[Top] [All Lists]

Re: [Cfrg] OpenPGP security analysis

2002-09-18 20:32:13

On 9/17/02 8:20 AM, "Michael Young" <mwy-opgp97(_at_)the-youngs(_dot_)org> 

The MDC in OpenPGP is really no more than a checksum, intended to
detect accidental damage.  (In fact, during the discussion, I believe
that some folks suggested that it be just a checksum.)  Before the
MDC, there was little ability to detect *any* sort of accident -- not
just truncation, but fairly arbitrary internal damage as well.  (When
the payload is a compressed packet, the decompression might discover
damage, but then again, it might not.)  There was discussion of a
stronger MAC, but I think this was dropped given that OpenPGP has a
strong signature mechanism.

Yes, and no. The MDC is supposed to detect intentional damage as well as
accidental damage. While a checksum was suggested, it was rejected because
it's pretty obvious that would not have the desired characteristics.

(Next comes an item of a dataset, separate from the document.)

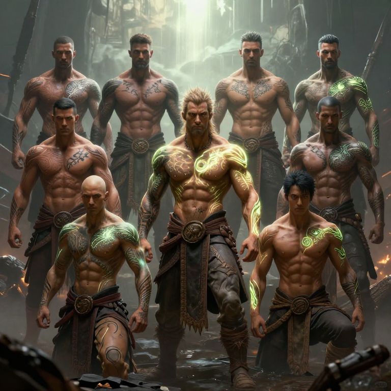 This digital CGI image features a group of nine muscular, shirtless men with diverse tattoo styles, standing in a dimly lit, industrial, war-torn setting. The central figure, with blonde hair and glowing green tattoos, stands out, flanked by eight other men with various tattoo designs, including tribal and glowing patterns. They wear dark, tattered loincloths with belts. The background is filled with dark, metallic structures and debris, illuminated by a bright, glowing light at the top center, creating a dramatic, intense atmosphere. The men have serious, determined expressions, exuding strength and readiness.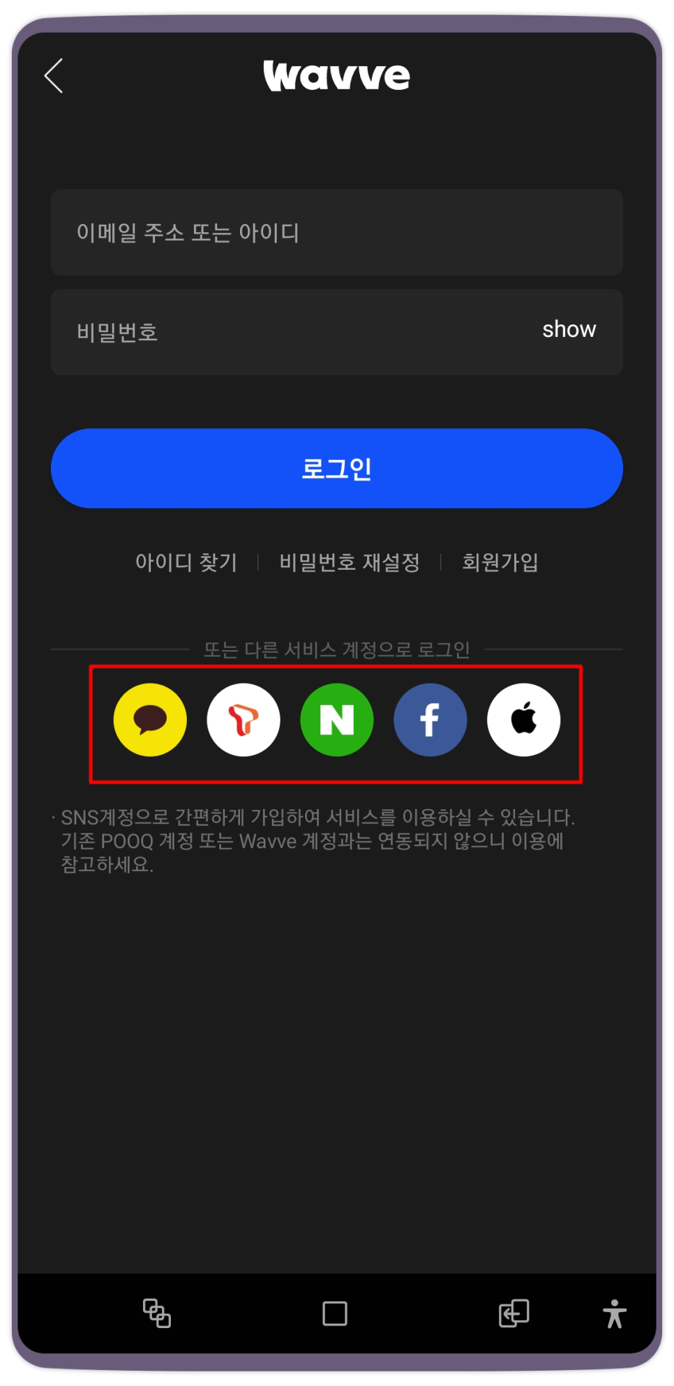 먼저, 안드로이드용 또는 아이폰용 웨이브 앱을 검색하신 후 다운로드하여 설치하셔야 합니다.

It *is* true that the MDC is not and was never intended to be a MAC. The
goal of the MDC is to reliably detect modification of the data in the
envelope, whether by insertion, deletion, or changing it. If an attacker can
do that, then then MDC has failed and we need a new mechanism.

Also note that the MDC's hash is weakly keyed, as there is an "IV" for it
inside the envelope.

If we need to, there are ways we could turn this into a MAC, including a
function over the key, or key+hashkey, or even including an extra MAC key
inside the ESK.

I think there are a number of separate questions around this that include:

(1) Is there a security problem in the MDC as in bis-06?

(2) Should we change it regardless?

Each of those is important. If the answer to (1) is yes, then we need
something. (2) needs to balance existing deployment and so on.